(Given records begins)

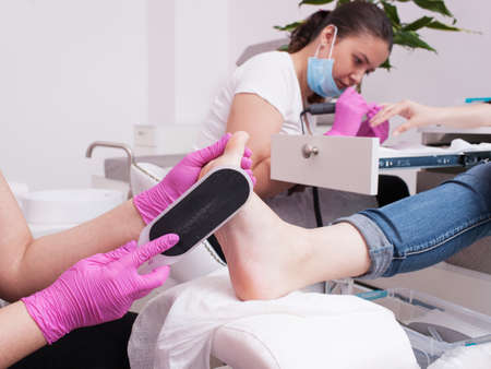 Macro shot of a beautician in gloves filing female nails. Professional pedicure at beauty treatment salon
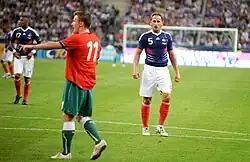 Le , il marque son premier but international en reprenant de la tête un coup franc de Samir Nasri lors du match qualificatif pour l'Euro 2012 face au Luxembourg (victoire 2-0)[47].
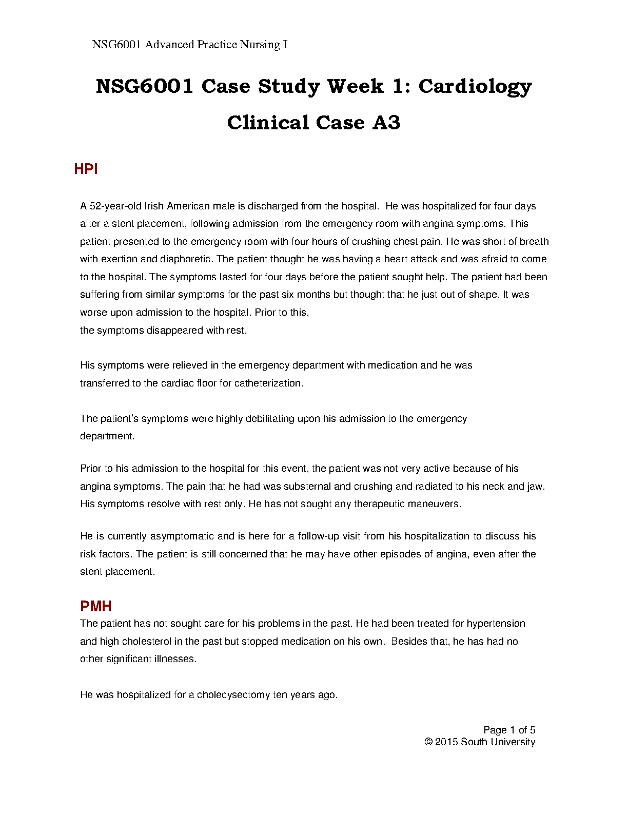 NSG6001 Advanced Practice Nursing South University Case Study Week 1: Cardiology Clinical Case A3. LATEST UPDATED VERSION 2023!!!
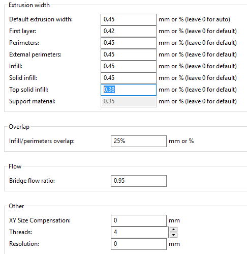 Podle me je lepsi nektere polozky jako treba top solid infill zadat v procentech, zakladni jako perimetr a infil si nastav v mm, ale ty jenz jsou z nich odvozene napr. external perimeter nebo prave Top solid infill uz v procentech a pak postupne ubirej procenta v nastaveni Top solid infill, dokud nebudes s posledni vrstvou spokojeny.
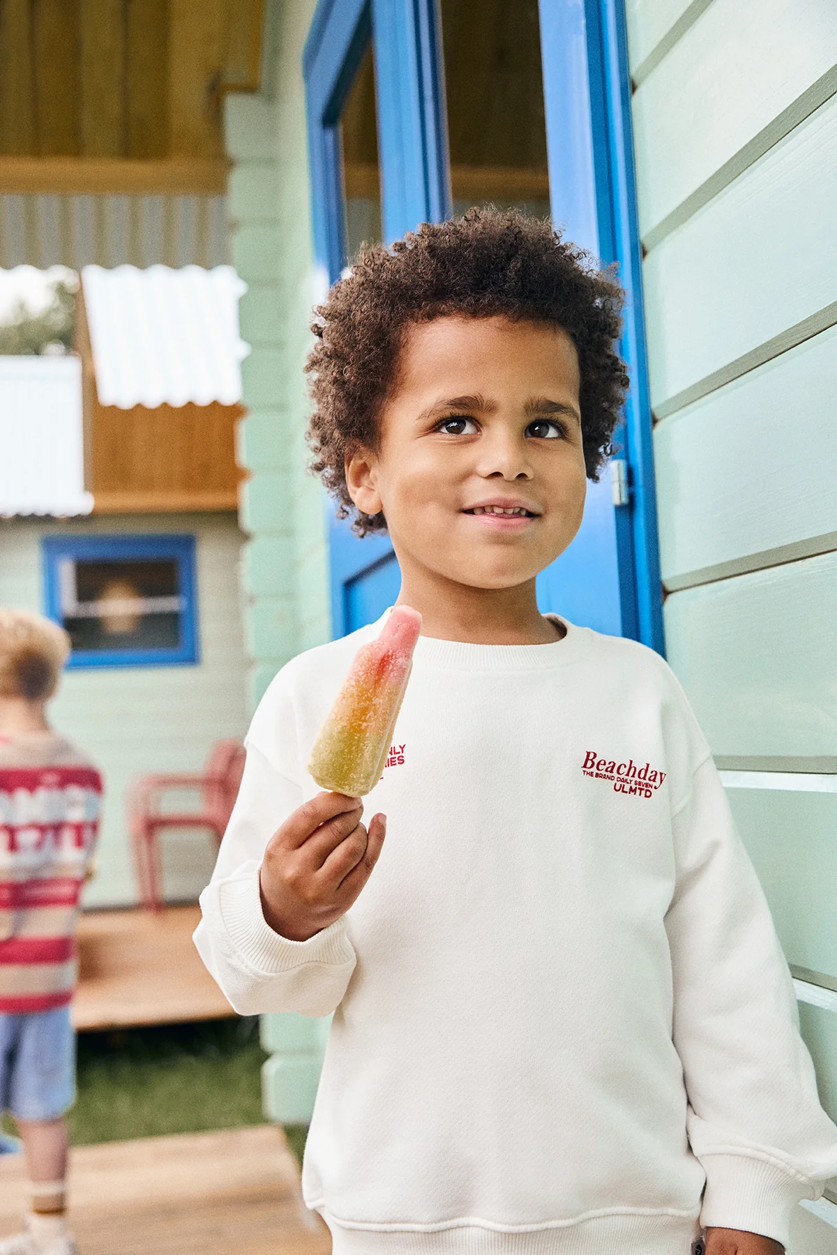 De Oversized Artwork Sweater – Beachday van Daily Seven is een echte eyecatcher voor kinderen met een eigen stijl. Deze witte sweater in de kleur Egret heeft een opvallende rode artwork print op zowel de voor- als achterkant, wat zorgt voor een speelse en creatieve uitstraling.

(Given records ends)
(Given records begins)

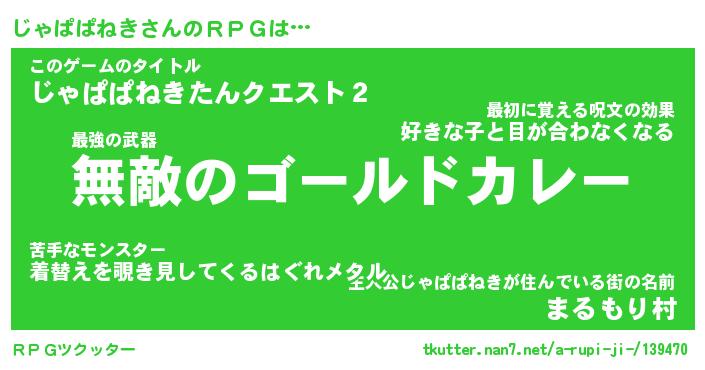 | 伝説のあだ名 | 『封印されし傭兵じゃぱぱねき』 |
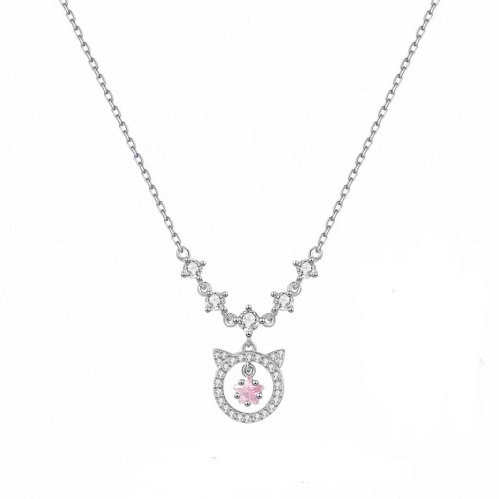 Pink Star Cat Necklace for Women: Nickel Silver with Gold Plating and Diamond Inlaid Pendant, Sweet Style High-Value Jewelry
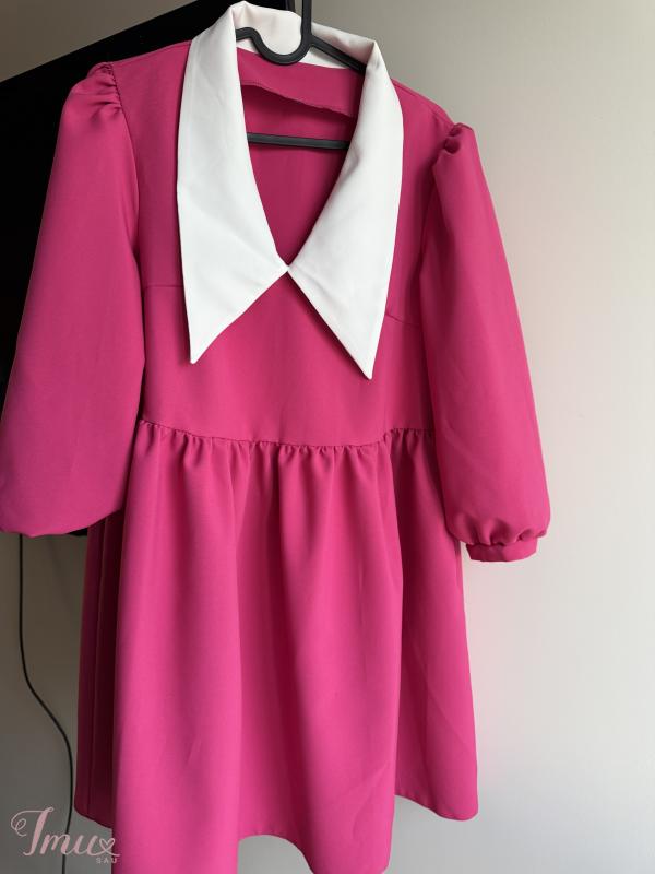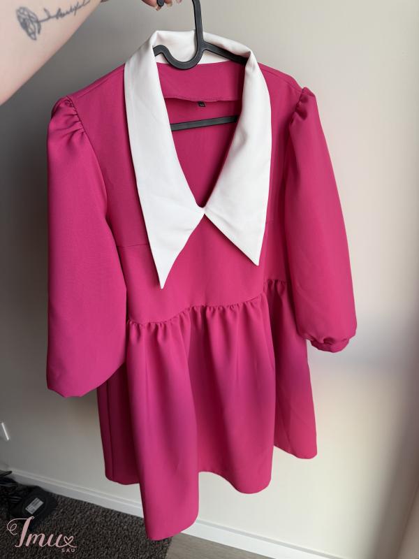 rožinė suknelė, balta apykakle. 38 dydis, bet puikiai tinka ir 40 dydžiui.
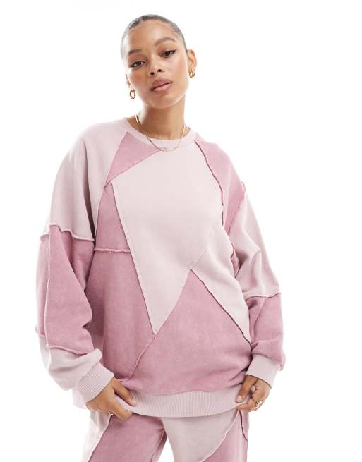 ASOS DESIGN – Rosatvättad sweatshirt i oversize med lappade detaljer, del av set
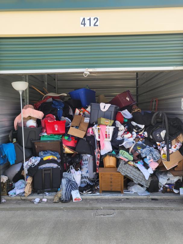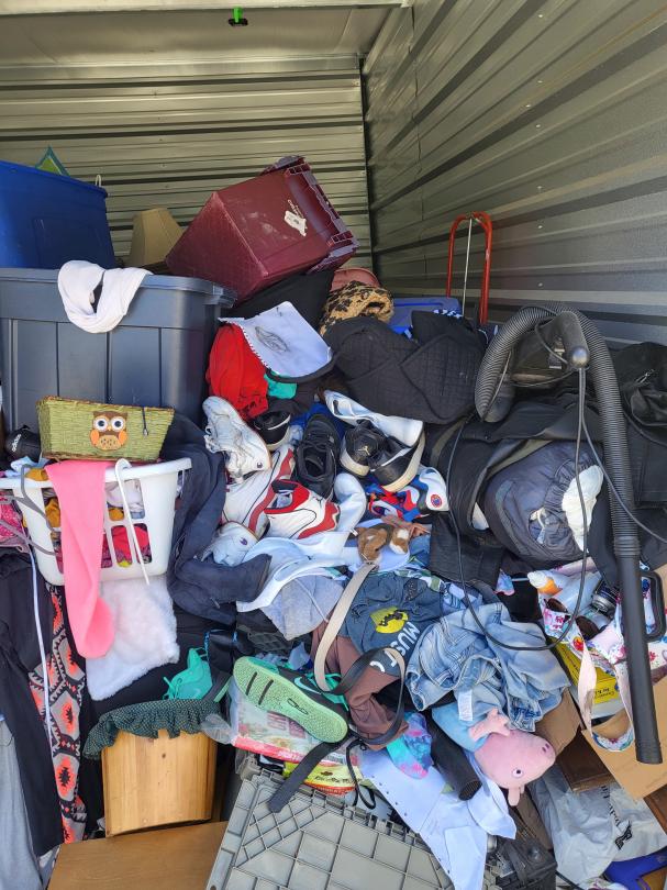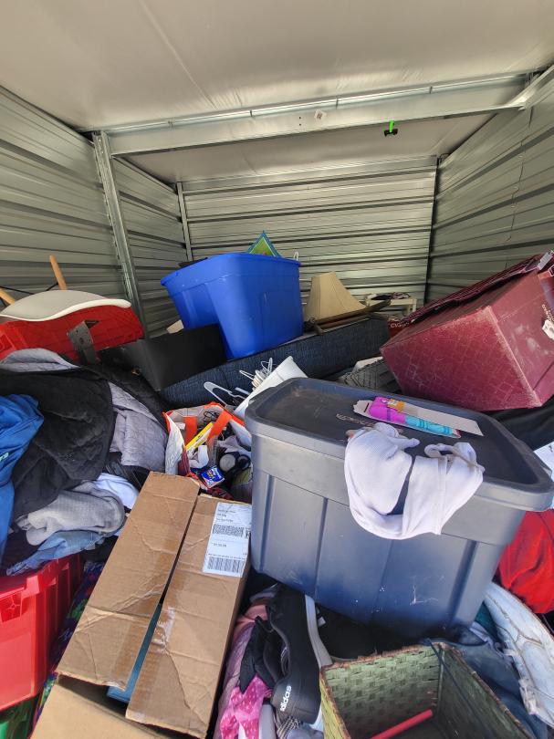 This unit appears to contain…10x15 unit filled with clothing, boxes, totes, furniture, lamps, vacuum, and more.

(Given records ends)

**Task directions**
Only one part of the listing is wanted: the lines from the one containing "Macro shot of" through the one containing "Le , il marque", both included. Please transcribe it exactly, leaving out the pictures.

**Result of this task**
 Macro shot of a beautician in gloves filing female nails. Professional pedicure at beauty treatment salon
 Le , il marque son premier but international en reprenant de la tête un coup franc de Samir Nasri lors du match qualificatif pour l'Euro 2012 face au Luxembourg (victoire 2-0)[47].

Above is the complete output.